In order to expand the applicability of SC converters to even higher performance processors operating at ~1 W/mm2, the work reported in [19] utilizes ~200 fF/um2 deep trench capacitors and achieves 90 % efficiency at a power density of 2.185 W/mm2. This further experimentally verifies the benefit of high density capacitors in increasing efficiency and power density – as also predicted in Eq. 8.16 and Fig. 8.7. In fact, the analysis from Sect. 8.2 predicts that with 200 fF/μm2 deep trench capacitors and modern CMOS switches, an optimized SC design may achieve over 88 % efficiency for power densities up to 10 W/mm2. Thus, the application of the techniques outlined in this chapter along with existing high-density capacitor technologies appears promising in enabling the broad adoption of fully integrated SC converters for on-die power distribution and management.

5 Conclusions

As parallelism increases the number of cores integrated onto a chip, there is a clear need for fully integrated DC-DC converters to enable efficient on-die power management.

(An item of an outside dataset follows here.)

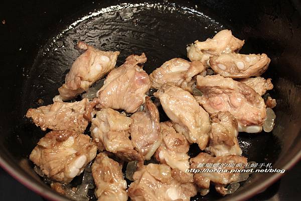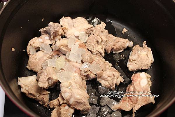 3. 炒至冰糖全數融化,小排裹上一層糖衣
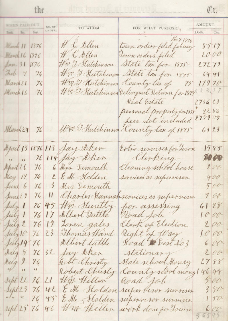 Names Mentioned Above: W. C. Allen; Wm. T. Hutchinson (William); Jay Aken; Mrs. Demouth; Elias M. Holden; Charles Hannah; Wm. Huntly (William Huntley); Albert Tuttle; Loren Gates, Thomas Ward; Robert Christy (Christie); William Weller (son of Henry Weller).

With the availability of high density and high quality capacitors in existing CMOS processes, switched-capacitor DC-DC converters have gained significant interest as a cost-effective means of enabling such power management functionality.

The area required by a fully integrated SC DC-DC converter to deliver a certain amount of power to the load has direct implications on both cost and efficiency. This chapter therefore describes a methodology to predict and minimize the losses of such a converter operating at a given power density. The chapter further introduced a circuit and physical design strategy to enable topology reconfiguration and hence efficient generation of a wider range of output voltages.

Measured results from a 32 nm SOI prototype confirm the methodology’s predictions of ~80 % efficiency at a power density of ~0.5–1 W/mm2 for a 2:1 step-down converter operating from a 2 V input and utilizing only MOS capacitors. Topology reconfiguration enables the converter to maintain >70 % efficiency for most of the output voltage range from 0.7 to ~1.15 V. Given that this performance was achieved in a standard CMOS process with no modifications or additions, these results illustrate that fully integrated switched-capacitor converters are indeed a promising candidate for low-cost but efficient power management on a per-core or per-functional unit basis.